Etaamb.openjustice.be
Koninklijk Besluit van 10 augustus 1998
gepubliceerd op 28 augustus 1998

Koninklijk besluit betreffende de financiële betrekkingen met de regeringen van de Federale Republiek Joegoslavië en van de Republiek Servië

bron
ministerie van financien
numac
1998003440
pub.
28/08/1998
prom.
10/08/1998
ELI
eli/besluit/1998/08/10/1998003440/staatsblad
staatsblad
https://www.ejustice.just.fgov.be/cgi/article_body(...)
links
Raad van State (chrono)
Document Qrcode

10 AUGUSTUS 1998. - Koninklijk besluit betreffende de financiële betrekkingen met de regeringen van de Federale Republiek Joegoslavië en van de Republiek Servië


VERSLAG AAN DE KONING Sire, Het besluit dat wij de eer hebben aan Uwe Majesteit ter ondertekening voor te leggen, heeft tot doel de toepassing van de maatregelen inzake financieel embargo die genomen werden door de Raad van de Europese Unie in de verordening (EG) nr. 1295/98 van 22 juni 1998 inzake de bevriezing van de middelen die de regeringen van de Federale Republiek Joegoslavië en van de Republiek Servië in het buitenland bezitten.

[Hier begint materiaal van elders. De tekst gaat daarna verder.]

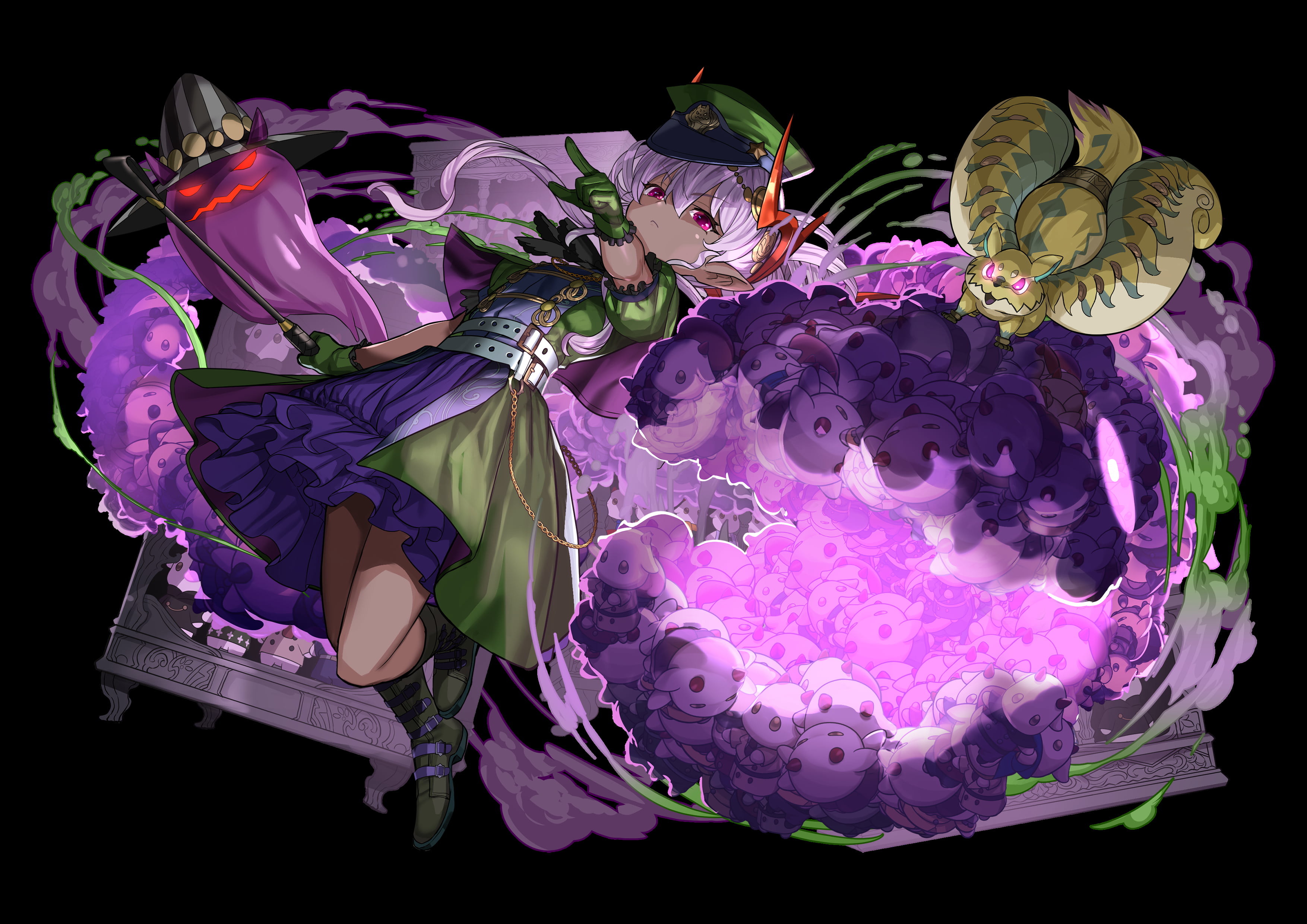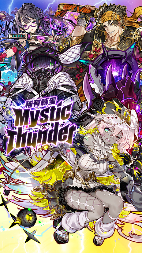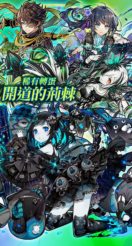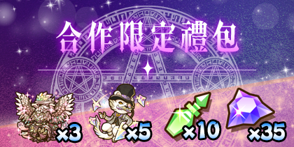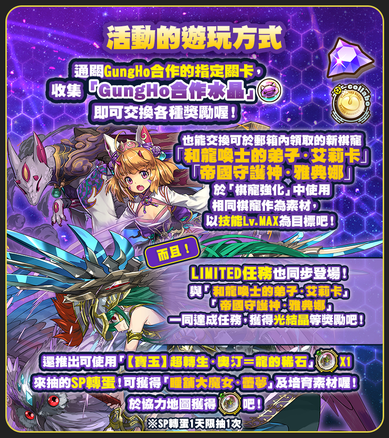 ★ GungHo合作白金轉蛋券_陣容包含:「睡舖大魔女・蕾夢」、「人魚&魅魔」、「踢踢公主&飛機駕駛員」、「妖精王・亞拔特」、「岩拳大魔女・瑟菈」、「巫龍喚士・莉蓓」、「光芒的魔法使・巫師」、「繼承意志的神童・邦」、「隱密烏・烏羽黑鳥」、「陰陽省的宗主・御影」、「龍刀・宙天丸」

Artikel 6 van deze verordening stelt dat elke Lidstaat bepaalt welke sancties van toepassing zijn indien de bepalingen worden overtreden.

Bij gebrek aan een wet die de uitvoerende macht bevoegd maakt voor de tenuitvoerlegging van maatregelen uitgevaardigd door de Raad van de Europese Unie, dient voor de uitvoering van de bovenvermelde verordening gesteund te worden op de wetgeving inzake deviezencontrole.

Naar analogie met de maatregelen genomen in het raam van de embargo's tegen Irak en Libië, kan Uwe Majesteit, op basis van artikel 1, eerste lid, van de besluitwet van 6 oktober 1944 betreffende de controle op den wissel de controle opzetten op alle om 't even welke overdrachten van goederen en waarden tussen België en het buitenland.

Met het oog hierop worden de wisselverrichtingen, het kapitaal-verkeer en de financiële overdrachten van welke aard ook tussen België en de regeringen van de Federale Republiek Joegoslavië en van de Republiek Servië onderworpen aan de bepalingen van de verordening (EG) nr. 1295/98 van de Raad van 22 juni 1998 inzake de bevriezing van de middelen die de regeringen van de Federale Republiek Joegoslavië en van de Republiek Servië in het buitenland bezitten.

De Minister van Financiën is bevoegd voor de organisatie en het treffen van elke maatregel die tot doel heeft de uitvoering van artikel 1 te verzekeren.

De inwerkingtreding van het besluit is met terugwerkende kracht voorzien, om heel het tijdperk vanaf de inwerkingtreding van de EG-verordening te beslaan.

De hoogdringendheid van het besluit wordt verantwoord.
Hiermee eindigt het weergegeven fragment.